Of course, it’s slippery ethics to rationalize the book industry’s carbon footprint by focusing, instead, on the larger problem of the tech industry’s carbon footprint. Both are problems that need to be addressed. But for right now, if we’re forced to choose, the traditional paper route is the better one. If you worry for the future of our rainforests, and if you worry for the future of our planet, the responsible decision is to purchase or borrow books printed on recycled paper and from ecologically conscious vendors. (You can find a handy list of such places and printers here.)
While this tactic alone will not solve the problem, it will certainly make a difference if enough people choose library cards instead of Kindle Singles. And while it’s true that, now that digital has arrived, digital is here to stay, the book reading community needs to ask itself which is more important: developing a greener way to produce print books while we halt the growth of eBooks’ market share, committing fully to the creation of “greener” eReading devices — or some combination of both.
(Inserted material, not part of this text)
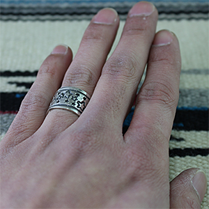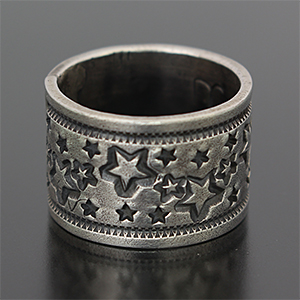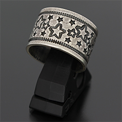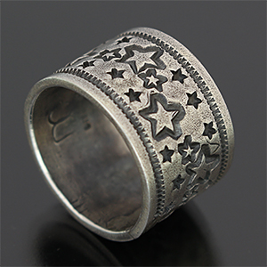 | NAVAJO/ナバホ族のアーティスト Derrick Cadman/デリック・キャドマンに制作を依頼したリングです。 スターのスタンプがランダムに打ち込まれたストレートタイプです。 艶消しの風合いのある作品で、カジュアルにお使い頂ける作品です。 | ||
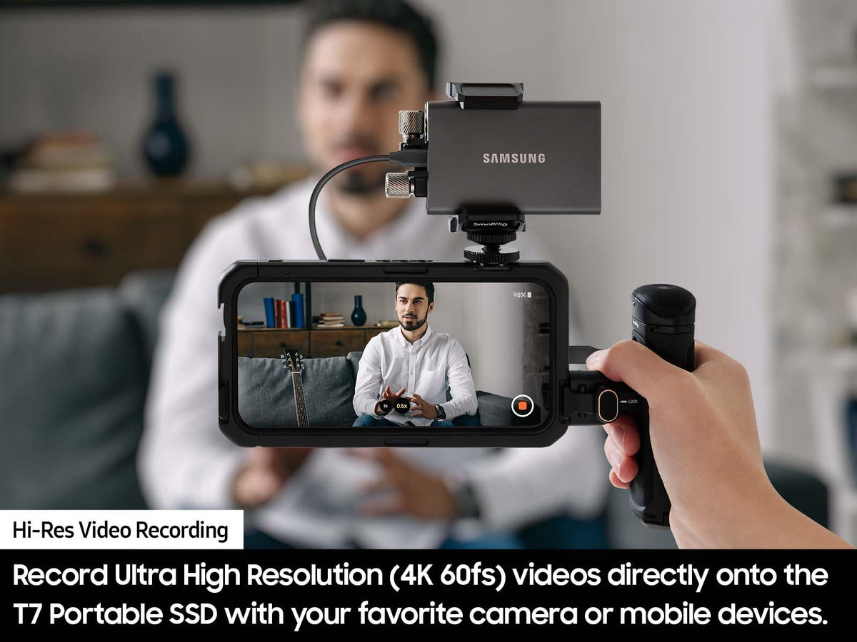 Q: Can I record videos directly onto the T7 Portable SSD?A: Yes, you can record Ultra High Resolution four K sixty frames per second videos directly onto the SSD.

Doing neither is not an option.
Raz Godelnik, CEO of Eco-Libris, estimates that 80% of a paperback book’s carbon footprint is caused by the earliest stages in its production process: paper harvesting, forest clearing, and material shipping. The BIEC recognized this, and one of its chief aims was to work on a more eco-friendly means of producing books. As consumers, though, we also have the power to fix this by demanding an even more responsible method of production from the largest publishing houses and their contractors. (This means we’d have to pay more for the end product, of course.) We must also demand better accountability from the technology companies that create eReaders, and that begins with demanding Amazon release better information about the Kindle.
Consumer outcry works: a few months ago, because everyone flipped out about the mistreatment of Foxconn workers, Apple instituted major changes to the pay structure for their subcontractors. If we can do this with labor, we can do this with resources.
We must also resist the urge to purchase the next hot technology when it comes out. If you have an eReader, use your eReader until it no longer works, and then recycle it responsibly. Do not purchase a new one before the old one has stopped working. If you own an eReader that you do not use, sell it to someone who will actually use it so that they don’t have to buy a fresh one. In simple terms: you wouldn’t buy a new edition of a book if nothing was wrong with the edition you already owned, so why would you do it with something ecologically equal to fifty of those books put together?